• _DESCRIPTION OF THE TASK_:
Please give the whole listing again word for word, and drop any pictures it holds.

• _RECORDED INFORMATION_:
=======

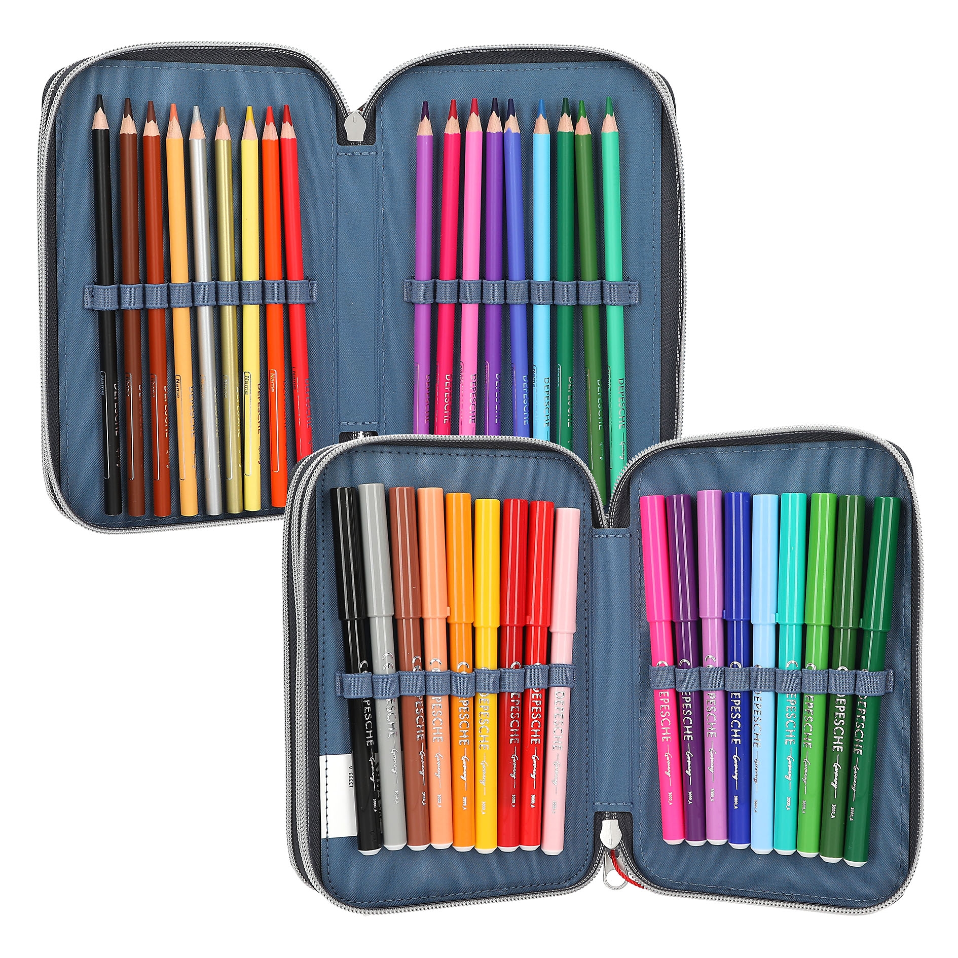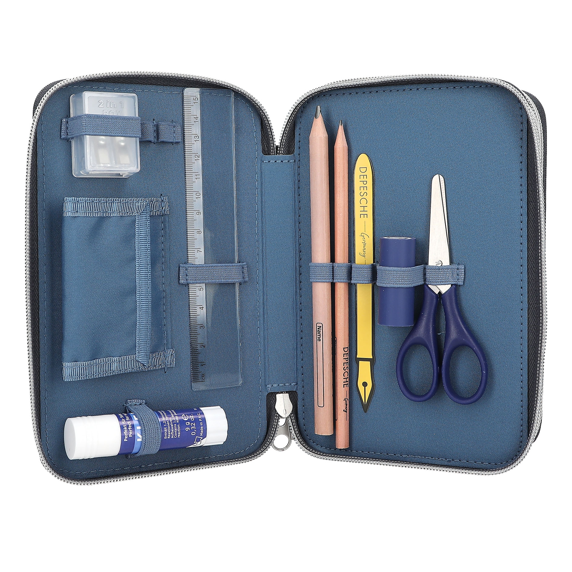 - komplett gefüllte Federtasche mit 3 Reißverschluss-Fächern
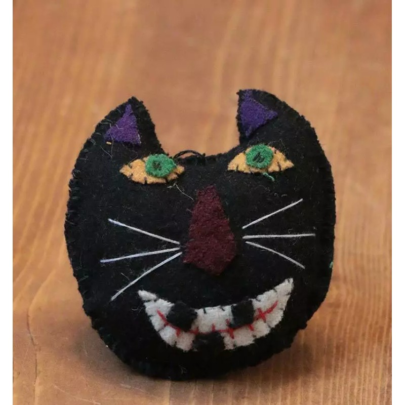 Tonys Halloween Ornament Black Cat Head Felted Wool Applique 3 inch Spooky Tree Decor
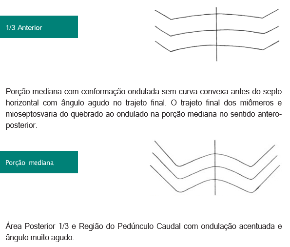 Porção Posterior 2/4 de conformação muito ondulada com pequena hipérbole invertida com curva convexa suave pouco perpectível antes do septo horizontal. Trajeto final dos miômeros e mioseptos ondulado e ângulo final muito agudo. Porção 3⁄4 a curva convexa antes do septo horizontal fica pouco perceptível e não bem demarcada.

=======

• _RESPONSE_:
 - komplett gefüllte Federtasche mit 3 Reißverschluss-Fächern
 Tonys Halloween Ornament Black Cat Head Felted Wool Applique 3 inch Spooky Tree Decor
 Porção Posterior 2/4 de conformação muito ondulada com pequena hipérbole invertida com curva convexa suave pouco perpectível antes do septo horizontal. Trajeto final dos miômeros e mioseptos ondulado e ângulo final muito agudo. Porção 3⁄4 a curva convexa antes do septo horizontal fica pouco perceptível e não bem demarcada.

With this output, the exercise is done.